J'ai bien remarqué la joie et la fierté de délivrer la carte à mon fils. Je venais de prendre conscience que mon fils a beaucoup d'importance pour lui. Il faut souligner qu'il n'a pas d'enfant donc aucune descendance. Il n'a pas connu cette joie, sûrement par choix mais je pense qu'il doit commencer à le regretter depuis qu'il nous connait. J'aurais jamais pensé qu'un tel lien puisse se créer entre le compagnon de Maman et mon fils. J'en suis plutôt contente. Une fois de plus, Maman n'a pas conscience de la chance qu'elle peut avoir d'avoir fait sa connaissance et d'être sa compagne.
En rentrant, je sais pas si c'est la chaleur ou pas mais j'ai eu un gros moment de fatigue. C'est limite si je n'avais pas envie de faire le repas. Il fallait bien que je nourrisse mon fils malgré tout. Pour tenter de me détendre, j'autorisais alors mon fils à regarder un dvd le temps que je prépare le temps. Je m'avançais en même temps à la rédaction de cet article.

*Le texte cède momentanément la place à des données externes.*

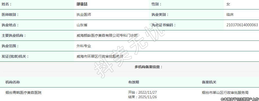 煙臺青韓醫(yī)療美容執(zhí)業(yè)醫(yī)師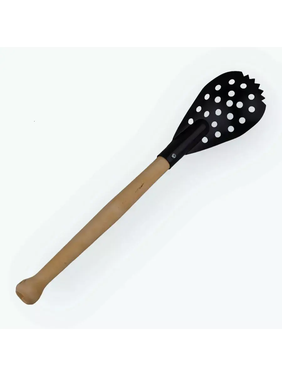 Ложка черпака изготовлена из стали с полимерно-порошковым покрытием, имеет ряд зубьев, позволяющих легко очищать лунки с большим слоем наледи. Ручка черпака изготовлена из березы, покрыта специальным защитно-декоративным составом и имеет удобную форму, предотвращающую выскальзывание черпака из рук. Ручка крепится к ложке при помощи шурупа. Прочность и надежность конструкции обеспечивает длительный срок службы черпака.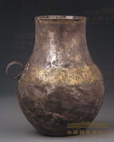 青海上孙家寨晋墓出土。通高15.8,口径7,腹径12,底径5.4厘米。直口,长颈,鼓腹,平底。腹侧置一环形把。口沿、腹部和底边有三组鎏金纹带。口沿勾连纹,腹部纹带由六朵不同形状的花朵组成,底边饰三角纹。其阔叶花纹饰与粟特(今中亚泽拉夫善河流域)银器纹饰相似,纹样中出现的圆点,被认为是粟特银器最具特色的工艺手法。故此银壶当为粟特产品,时代为西晋(265—316),由丝路传入西北。壶现藏中国历史博物馆。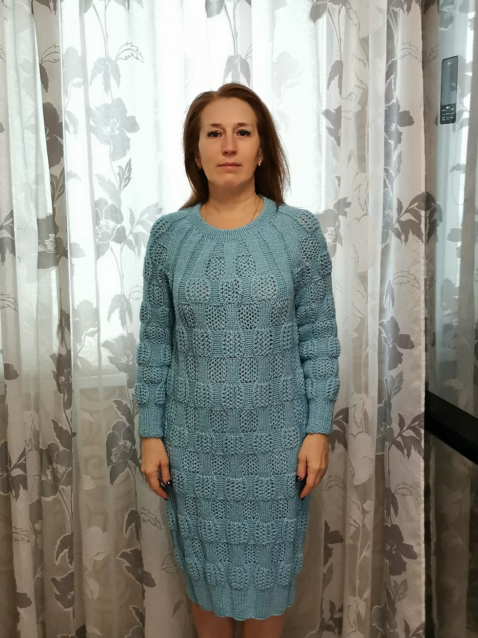 Какая же красивая Сосулька в виде платья! 😍 Елена, очень вам идет! И цвет, и фасон, и село по фигуре отлично! Девочки, какие же вы молодцы, что придумываете идеи разных воплощений моделей Айсте! Так здорово увидеть и базовую модель, и разные придумки. Особенно ценно это для тех, у кого с воображением и фантазией не такая сильная дружба (это я про себя 😄) Спасибо Айсте, что разрешает в рамках тестирования воплощать идеи в жизнь! 🤗 Моя Сосулька готова. Сушится второй день :) По описанию больше замечаний нет. Разве что когда в ночи вязала кокетку и увидела на своей спинке два шарика, а в описании на манекене три🤔, со страху чуть не распустила все 😲потом вспомнила, что Айсте перевязывала Сосульку, догадалась полистать описание и увидела, что на спинке Айсте шарика тоже два 😅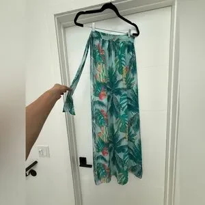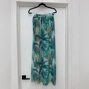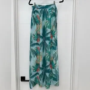 Tropical Palm Print Sheer Maxi Wrap Skirt Beach Cover-Up Resort Vacation O/S

J'ai passé ma soirée à tenter d'installer ma nouvelle imprimante. J'ai bien réussi à la brancher mais j'ai beau suivre les explications, autant du manuel que du logiciel, je n'arrive pas à connecter l'imprimante à l'ordinateur sans le cd d'installation. Personnellement, je ne suis pas étonnée, je m'y attendais même ! Cet inconvénient m'agaçait vraiment et la fatigue qui faisait des siennes ! Résultat, je pris du retard de la continuité de cet article. De temps en temps, je bavardais sur la messagerie instantanée : ça me détendait un peu.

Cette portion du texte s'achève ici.